Lori Rogers-Stokes, PhD
Heroic Souls: Puritan Women as the First American Individuals
“…to go back, I would not.” This confident statement was made by a woman known to us only as “Katherine, Mrs. Russel’s maid”; it was part of the spiritual autobiography she related in a session with her pastor and perhaps a few friends and fellow-seekers in her Puritan church in Cambridge, Massachusetts Bay Colony in the late 1630s. Her minister, Thomas Shepard, recorded the sessions of 31 women in his congregation between 1638 and 1649.
In these women’s sessions, we hear uncanny echoes of the modern hero: a sole individual, relying on her unique powers, suffering through many failures and dangers to complete an epic personal quest. This type of narrative is wholly uncharacteristic of the 17th century, anticipating the modern hero by over 200 years. The individual in this relation is not anchored in family, class, location, religious tradition, history, marriage, or motherhood.

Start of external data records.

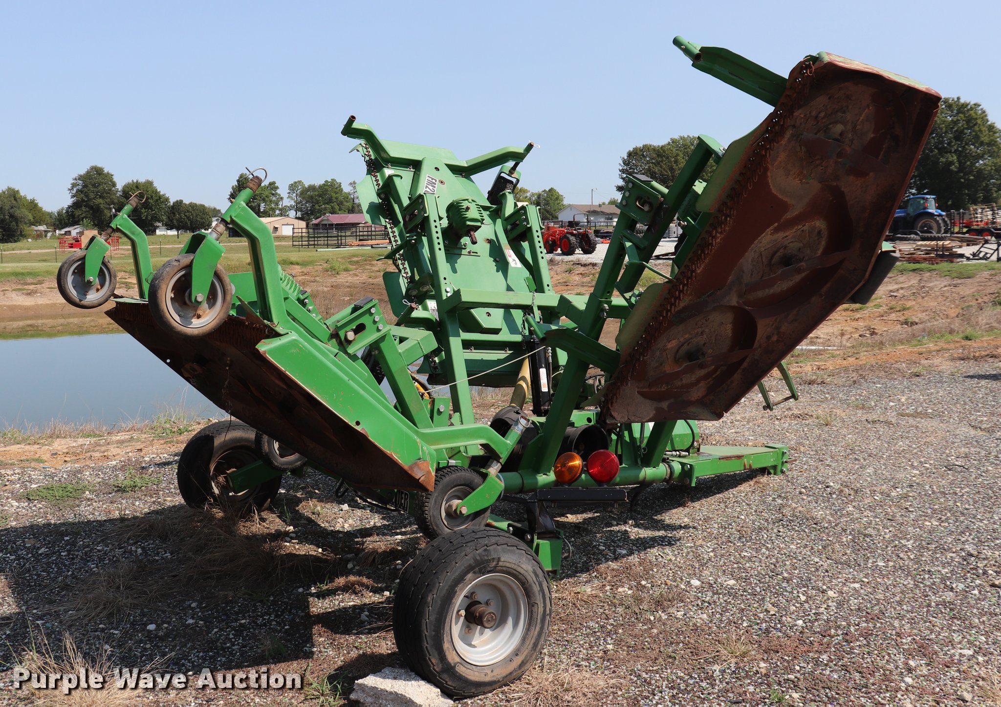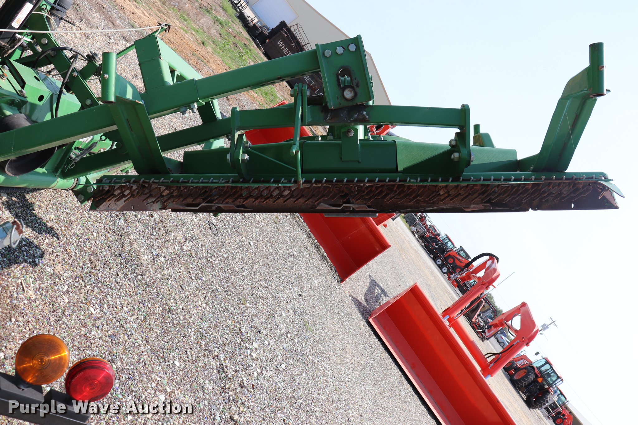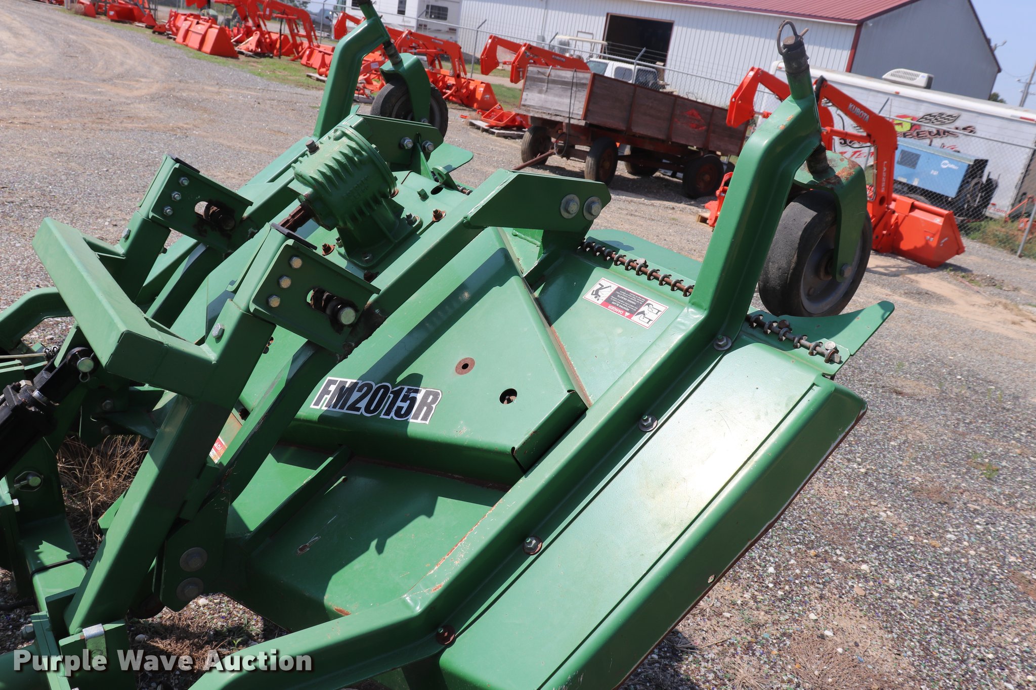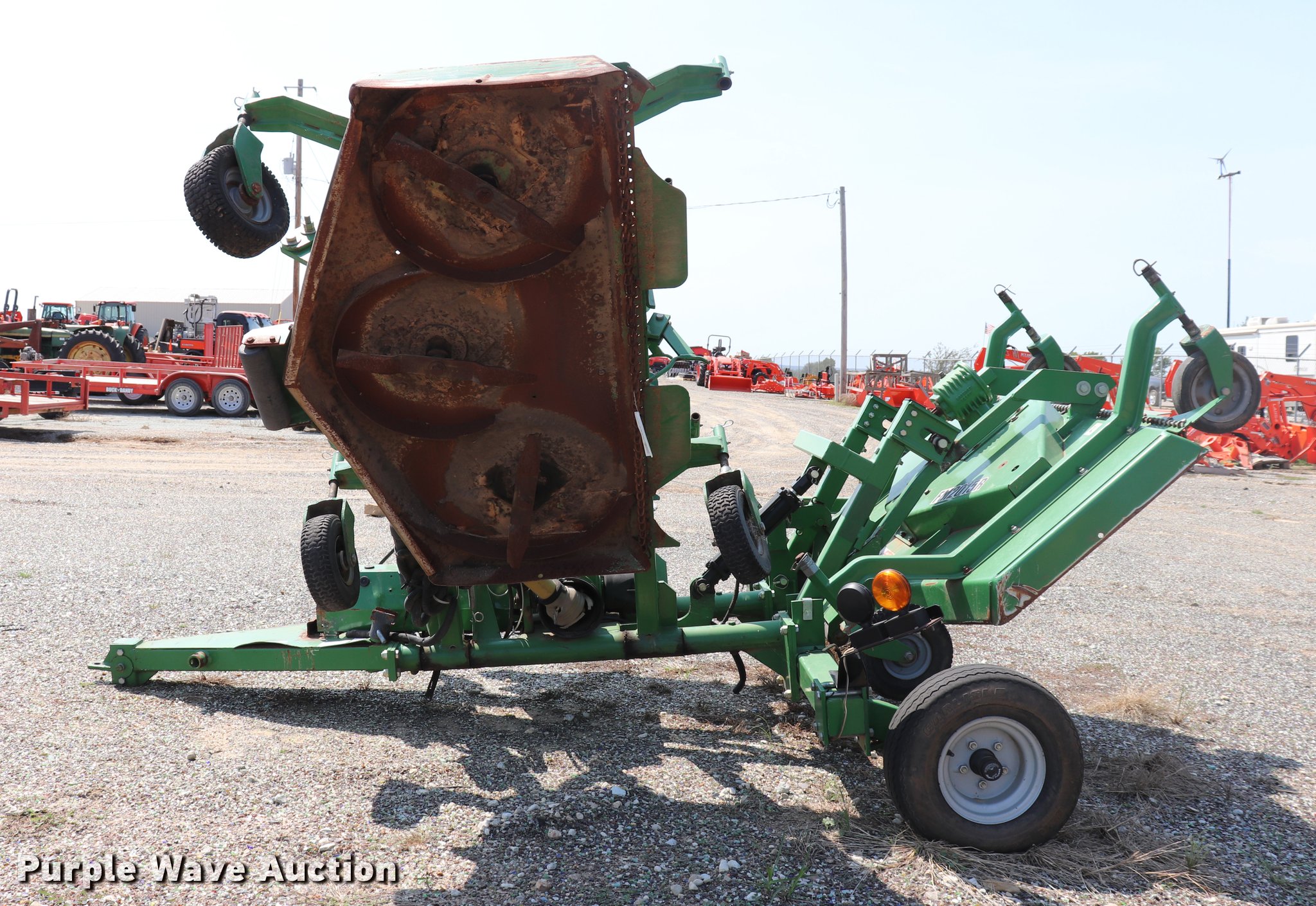 Purple Wave is selling a used Mower, Cutter, Shredder in Oklahoma. This item is a Finish mower with the following: Model FM2015R, Approx. 10'W, Hydraulic lift and fold, (9) 24"W blades, 540 PTO, Pin hitch, (10) 11x4.00 tires, (2) 20.5x8.0-10 tires, (2) 10" solid rubber tires, Five tires missing, Non-operational unit, parts only, PTO shafts missing, Light lenses missing, Serial XFEM2, Stock# 271649
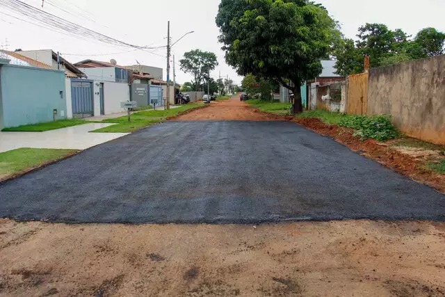 Após anos de espera por pavimentação asfáltica, morador da Rua dos Estudantes, no bairro Jardim Itatiaia, decidiu asfaltar a frente da própria casa. Segundo vizinhos, ele também ofereceu o serviço aos demais moradores da via, que poderiam arcar com os custos da obra através de vaquinha, mas ninguém participou.
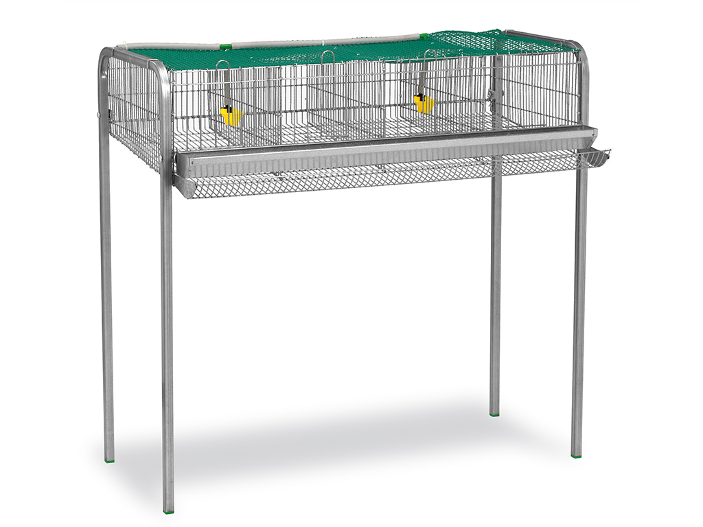 Klec na křepelky vhodná k chovu pro 20 až 24 ks křepelek o rozměrech 104 x 58,5 x 100 cm. Jedná se o 1 patrovou klec s 4 oddíly, umístěnou na vysokých nohách, která je vybavena snáškovým zásobníkem na křepelčí vejce, krmítkem a napáječkami.
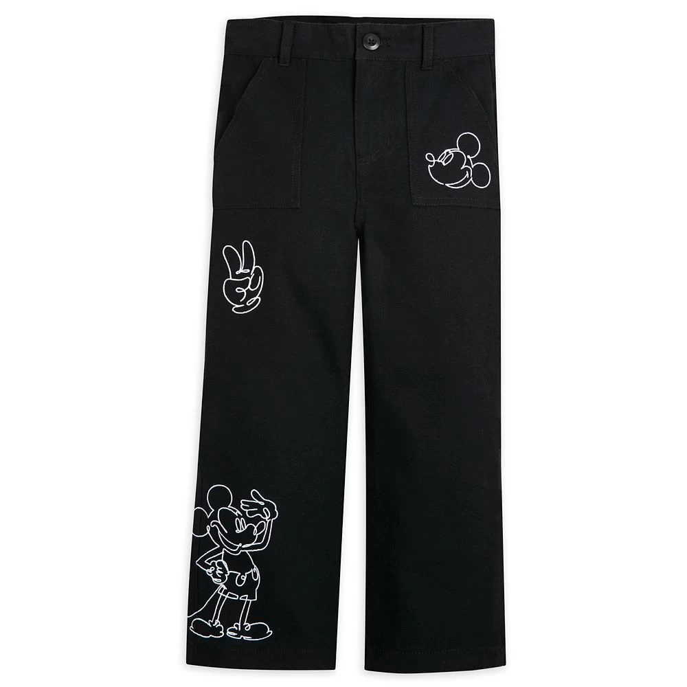 Just like Mickey Mouse and your child, these vintage-style Mickey Mouse pants make anything more special. Super versatile, they go with everything, but they’re anything but basic. White embroidered art of Mickey Mouse and Mickey glove icon against the black fabric up the wow factor like magic. Classic straight-leg styling with button closure, zip fly and side pockets.
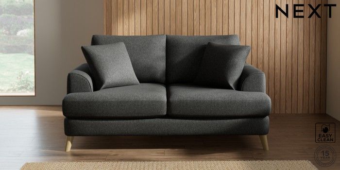 7.2.5 Buy Parker 3 Seater Small Sofa Tweedy Blend Easy Clean Charcoal Grey Low Retro Tapered - Light from the Next UK online shop Click here to use our accessible website
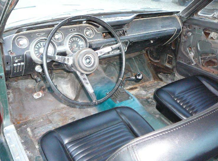 Fine example of a genuine GT 390 V8 4 speed, tacho dash Mustang to suit resto. Original Dark Moss Green exterior paint is wearing thin. Interior has had new black upholstery and foam just fitted before shipping. Mustang has new 15 by 7 Styled steel wheels with new BFG series 60 tyres. Mustang has the original 9 inch rear end and has correct GT 390 engine and trans (1968 GT 390 motor). Good bodied Mustang with original fenders, quarter panels and floors, fenders have been trimmed at inner lips for tyre clearance. See Marti Report for full option list on this car. This is a correct GT 390 4 speed with the original body. Best Fastback to buy under a Shelby.
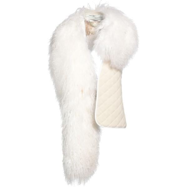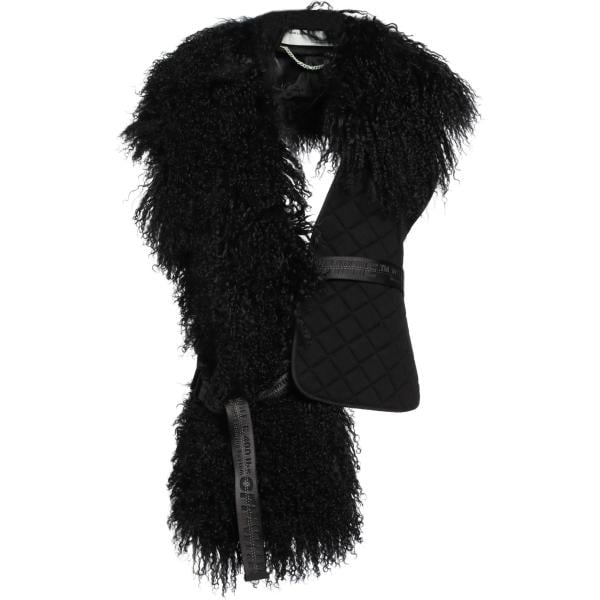 Pantalone in tessuto spalmato color nocciola, top in pizzo con colletto Perkins, ecopellicia con collo a scialle, accessori, clutch con profili in metallo dorato, décolleté effetto vernice, dettaglio in pietre gioiello, punta sfilata, cintura elastica con chiusura gioiello.
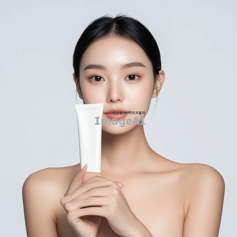 아름다운 아시아 여성 모델이 밝고 환한 조명 아래에서 카메라를 정면으로 응시하며 제품을 들고 있는 모습, 모델의 상반신만 나타나며 제품 크기는 가로 15cm, 세로 20cm로 얼굴을 가리지 않도록 위치, 그늘이 지지 않는 깔끔한 배경.
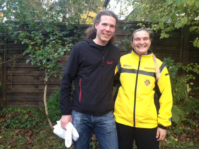 Am nächsten Morgen sah das Wetter nicht sehr vielversprechend aus. Als ich aus dem Fenster des Hotels schaute, überfiel mich eine Unlust. Es herrschte ein starker Nebel. Ich hatte nicht wirklich Lust zu laufen! Claudia begrüßte mich jedoch fröhlich, als ich bei ihr ankam und aus dem Auto stieg. Ihre gute Laune färbte ab und ich freute mich doch ein bisschen auf das Laufen. Es war auch schön, Manuel, Tiago und Oma wiederzusehen. Danke Oma, dass du dich so für die Verpflegung der Läufer einsetzt! Bald traf der erste männliche Läufer ein. Florian erzählte Claudia und mir über seine weiteren läuferischen Pläne in diesem Jahr. Bald darauf erschien Peer. Beide Männer freuten sich, an diesem Tag laufen zu können. Rita, die in Portugal beruflich zu tun hatte und auf Stippvisite in Deutschland war, versuchte trotz „Jettläck“ zu laufen. Die Lauftruppe war fast perfekt. Es fehlte nur Christoph Wenzel aus unserem Club.

What we read in these relations are narratives of the heroic soul, struggling alone against cosmic forces, rejected by and rejecting of all others, ultimately acting in a theater reduced to two players: the seeker and the Lord.
All of the people, male and female, who met with Shepard exhibit this oddly modern individuality. But it is most remarkable to find it in the women’s narratives, since women’s identities were usually so completely folded into men’s, and so completely confined to the roles of daughter, wife, and mother. A personal narrative unshaped by sex is unexpected at any moment in history; women’s narratives with none of the traditional markers of female identity even more so. We will explore these heroic narratives and hear these women speak for themselves, as they did over 370 years ago.
Lori Rogers-Stokes, PhD, (lori.stokes@comcast.net | LinkedIn) is an independent scholar, public historian, and contributing editor for New England’s Hidden Histories, a digital history project making thousands of pages of colonial-era Congregational church records available through digitization and transcription. She is the author of Records of Trial from Thomas Shepard’s Church in Cambridge, 1638–49: Heroic Souls (Palgrave Macmillan, 2020). Lori studies the history of Woodland New England, particularly the founding decades of the Massachusetts Bay Colony, when Indigenous people and English colonizers took actions that continue to shape our lives today.